Material provided: Begin

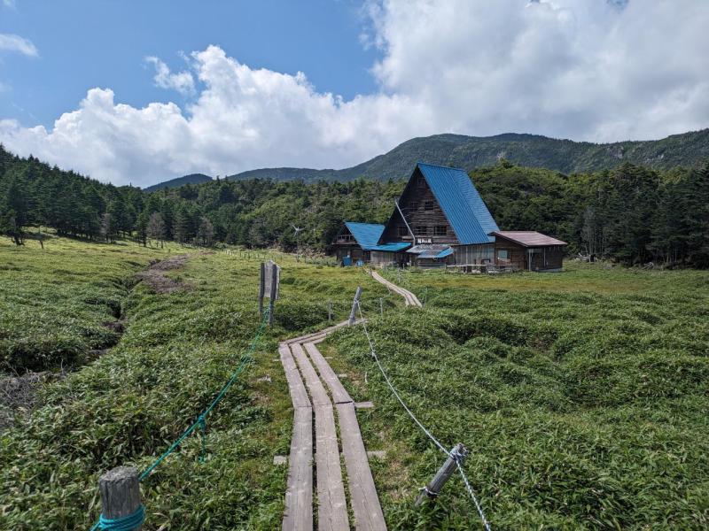 途中に縞枯山荘がありますが営業しているタイミングで訪れたことがありません。
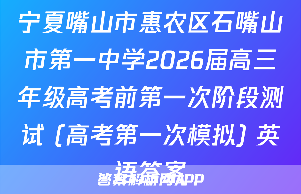 宁夏嘴山市惠农区石嘴山市第一中学2026届高三年级高考前第一次阶段测试 (高考第一次模拟) 英语答案
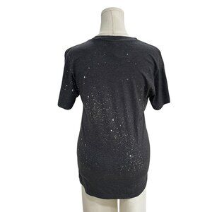 Color: Black with bleach-splatter wash, multicolor graphic print

Material provided: End

◆ **Instructions for the task**: Print the listing exactly, minus its pictures.

◆ **Answer to the exercise**:
 途中に縞枯山荘がありますが営業しているタイミングで訪れたことがありません。
 宁夏嘴山市惠农区石嘴山市第一中学2026届高三年级高考前第一次阶段测试 (高考第一次模拟) 英语答案
 Color: Black with bleach-splatter wash, multicolor graphic print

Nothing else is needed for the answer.